Three-bond spin-spin couplings between C alpha H and amide protons, amide
exchange rates, and the temperature dependence of amide chemical shifts were
also measured. The structure consists largely of loops and turns, with a short
region of beta-sheet. The Leu-5 substitution produces a substantial reduction in
affinity for trypsin relative to native EETI-II, which contains an Ile at this
position. The global structure of the Leu-5 analogue studied here is similar to
that reported for native EETI-II (Heitz A, Chiche L, Le-Nguyen D, Castro B,
1989, Biochemistry 28:2392-2398) and to X-ray and NMR structures of the related
proteinase inhibitor CMTI-I (Bode W et al., 1989, FEBS Lett 242:285-292; Holak
TA et al., 1989a, J Mol Biol 210:649-654; Holak TA, Gondol D, Otlewski J, Wilusz
T, 1989b, J Mol Biol 210:635-648; Holak TA, Habazettl J, Oschkinat H, Otlewski
J, 1991, J Am Chem Soc 113:3196-3198).

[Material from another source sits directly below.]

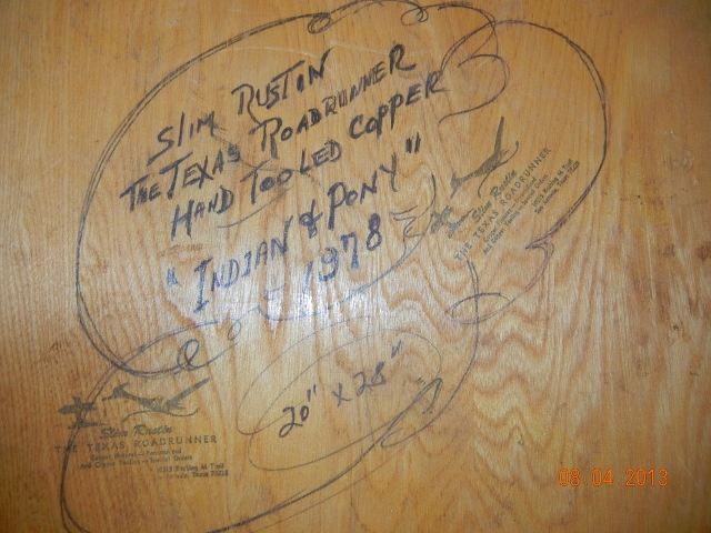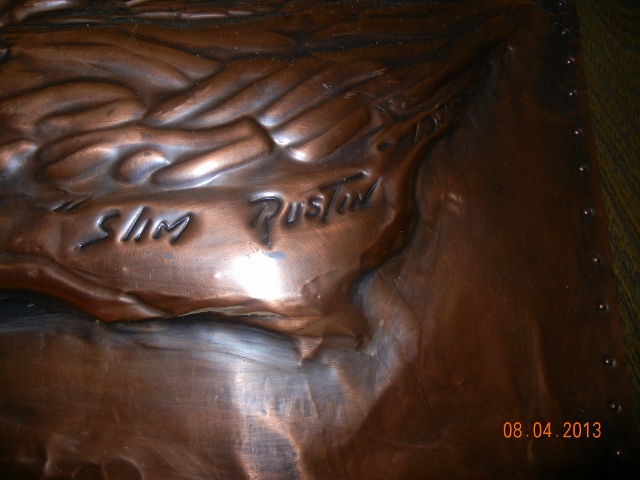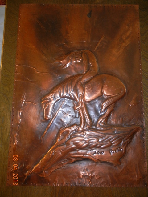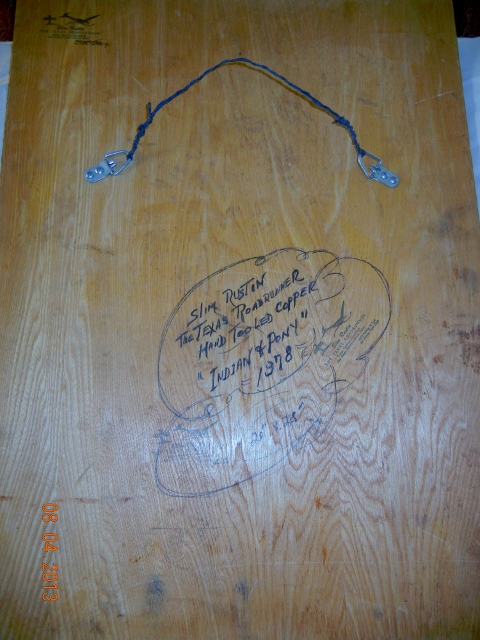 Slim Rustin indian & pony mounted on wood hand tooled copper. Dated 1978. Siged by Slim Rustin on back

The region near the scissile bond is the
most disordered part of the structure, based on geometric superimposition of 40
calculated structures. This disorder most likely reflects additional motion
being present in this region relative to the rest of the protein. This motional
disorder is increased in the Leu-5 analogue relative to the native form and may
be responsible for its reduced trypsin binding. A second form of the protein
synthesized with all (D) amino acids was also studied by NMR and found to have a
spectrum identical with that of the (L) form. This is consistent with the (D)
form being a mirror image of the (L) form and not distinguishable by NMR in an
achiral solvent (i.e., H2O). The (D) form has no activity against trypsin, as
would be expected for a mirror-image form.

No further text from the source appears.